# Housing.



## rainbows_x

Just looking for some advice. :flower:

Those who have broken up with FOB and had to move, how did you do it?
FOB said I can keep the deposit (just over £1000 I think) but we obviously don't get that until we move out?

Any advice is appreciated. x


----------



## holly2234

Ive not done it, but the best thing you could do is go to your council. They will either arrange for HB to pay for your house that you already live in, or put you on the council list and offer you somewhere or let you bid on houses. There is a place called a contact centre in my city where you take a ticket and wait until somebody can see you and they will advise you on what to do and even fill in the forms with you if necessary.

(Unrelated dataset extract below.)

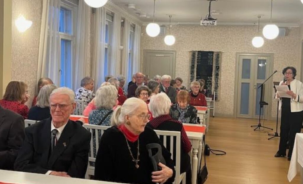 KIITOS kaikille osallistujille! Salit olivat Pappilassa täynnä. Tunnelma oli joulunodotteinen ja saimme nauttia mukavasta ohjelmasta. Tervetulopuheitten lisäksi trubaduuri viihdytti, Leena Kaarni säesti lauluja, Arja Ahlsved kertoi joulurunojen taustasta, Eero Peltonen luki Jouluevankeliumin Nurmijärven murteella. Kiitos maittavasta ruuasta myös Sirpa Karjalaiselle.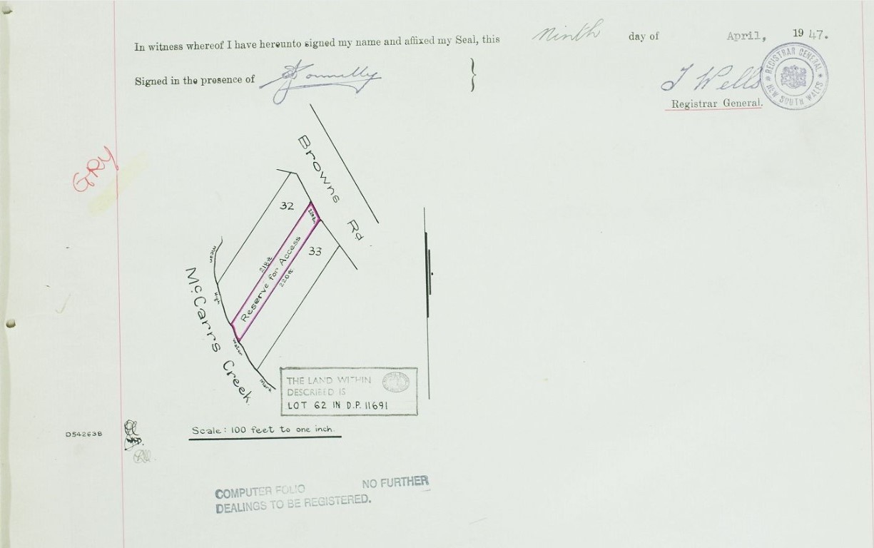 All that piece or parcel of land situate in the Shire of Warringah, parish of Broken Bay and county of Cumberland, containing an area of 40 acres and having a frontage to McCarr's Creek, being portion 2 of parish, being the whole of the land comprised in Crown Grant Vol. 835, folio 235,— said to be in the possession of the estate of the late William Scott Fell, and shown on plan with the Department of Local Government, Sydney. (922). LOCAL GOVERNMENT ACT, 1919 (1959, July 10). Government Gazette of the State of New South Wales (Sydney, NSW : 1901 - 2001), p. 2079. Retrieved from http://nla.gov.au/nla.news-article219940470

Just google your local council page and there will likely be a contact number or an address of something similar that can help you. If that fails, CAB will be able to help.

Also, have you looked at your local housing allowance? They will only pay so much a month so it might be worth checking how much they will pay before deciding whether to stay or move.

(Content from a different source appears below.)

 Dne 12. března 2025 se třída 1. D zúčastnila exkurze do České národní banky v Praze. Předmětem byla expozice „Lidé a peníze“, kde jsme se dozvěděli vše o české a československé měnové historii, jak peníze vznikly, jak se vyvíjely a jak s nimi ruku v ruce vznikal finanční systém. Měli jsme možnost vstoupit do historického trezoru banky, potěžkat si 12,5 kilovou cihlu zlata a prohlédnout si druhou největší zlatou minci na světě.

Mine only pays about £412 and my rent is £450.

Good luck


----------



## lauram_92

I think Holly covered everything :rofl: Are you wanting to stay in the flat or move out?


----------



## rainbows_x

I'd like to sstay here but I dont think I can afford it, it's £640 a month and that's not including billss. :(

Thanks Holly, helps alot x


----------



## holly2234

Any time! Anything you need feel free to PM me. Also on FB :flower:


----------



## annawrigley

It depends how much you spend on other things and how much your bills are but you might be able to stay there, my rent is £595 and I manage fine. If you go to Connexions they'll tell you how much HB you'd be entitled to xx


----------



## rileybaby

i wouldnt reccommend the council list, im sharing a bed with my mum and still in same room as riley and they said ill have an atleast 3 year waiting list and im in second to top priority band:wacko: HB might be worth looking in to, although its finding somewhere that accepts it.. if your getting your deposit back it should be ok because most places want a deposit + first months rent upfront:thumbup: hope you get something sorted xx


----------



## EllaAndLyla

How cheap is all your rents? For a 1-2 bed flat here your looking at a good £800 a month!

https://www.direct.gov.uk/en/Diol1/DoItOnline/DG_196239

This link should help, it lets you know how many bedrooms in a place you would be entitled to claim HB for and then lets you know how much housing allowance per week you would be entitled to in your area.. In mine its £196 per week (bare in mind the £800 a month rent) 

ETA, I'm pretty sure they won't move you out, stuff like this happens all the time and thats why there here to help :flow: speaking with your landlord may help as some don't accept HB but if your already living there then I'm sure they won't make you leave xx


----------



## AnnabelsMummy

rileybaby said:


> i wouldnt reccommend the council list, im sharing a bed with my mum and still in same room as riley and they said ill have an atleast 3 year waiting list and im in second to top priority band:wacko: HB might be worth looking in to, although its finding somewhere that accepts it.. if your getting your deposit back it should be ok because most places want a deposit + first months rent upfront:thumbup: hope you get something sorted xx

they said that to me too, that i wouldnt get something till 3-4 years .. but i got something in 11 months.. could have got something sooner - but didn't want a crappy one.. and i wasn't top priority!
in priority 2 bands - by law they HAVE to rehouse you in 2 years.. i had a support worker who told me that and the lady in the council confirmed it..
and it's not different for different boroughs.. it's governement legislationn.. 
haha i'm quoting some of this off a print out i was given :haha: 
and we have one of the biggest housing registers in kent! 

ignore what they say a bit - it depends what you bid on etc.. 
x


----------



## Bexxx

If the housing benefit doesn't cover your rent, you can also apply for a discretionary allowance to help cover the rest :flower:


----------



## QuintinsMommy

:hugs:


----------